Flare in Camera Lens

Flare in Camera Lens

  • Internal reflection of light, called flare, within a complex lens produces stray light rays that tend to "fog" the camera sensor or whole film frame with a slight overall exposure. With black-and-white films, the most obvious effect in printing is an overall lower picture contrast; color films may also display a bluish color cast, because the short, blue wavelengths are most easily scattered. The tendency toward flare is reduced in lens manufacture by coating the glass-to-air surfaces with antireflective materials. Residual effects of simple lens flare are reduced in photography by closing down the lens aperture, since the effect is at its worst at a wide open aperture.

  • Zoom lenses are particularly likely to display flare effects, because of their relatively large number of glass-to-air surfaces, and because to vary the focal length certain lens groups must move with respect to one another and cannot be kept in an optimum relationship. However, closing the aperture a stop or two takes care of the matter in the better designs.

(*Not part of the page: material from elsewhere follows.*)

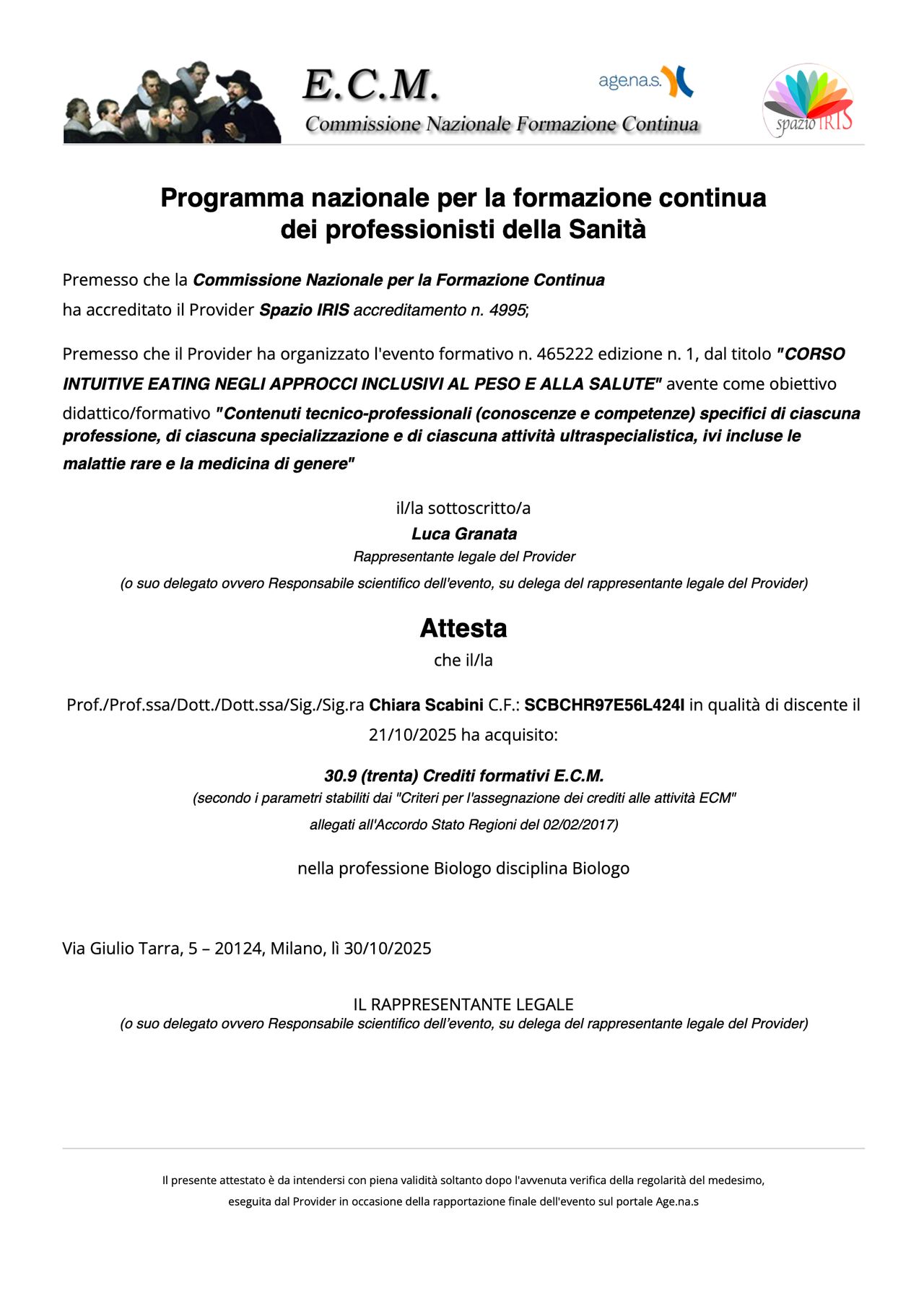 Dott.ssa Chiara Scabini - Biologa Nutrizionista.

  • Common with zoom lenses are excessive flare effects that produce multiple images of a light source when the lens is aimed toward or close to the light. (Such effects are often deliberately used in the more dramatic television programs.) If they are not wanted for their pictorial effects, they can be avoided by using care in backlighted photography. A lens shade will also help, especially one that can be adjusted to follow closely the image edges and thereby exclude from the lens any light not actually making up part of the image.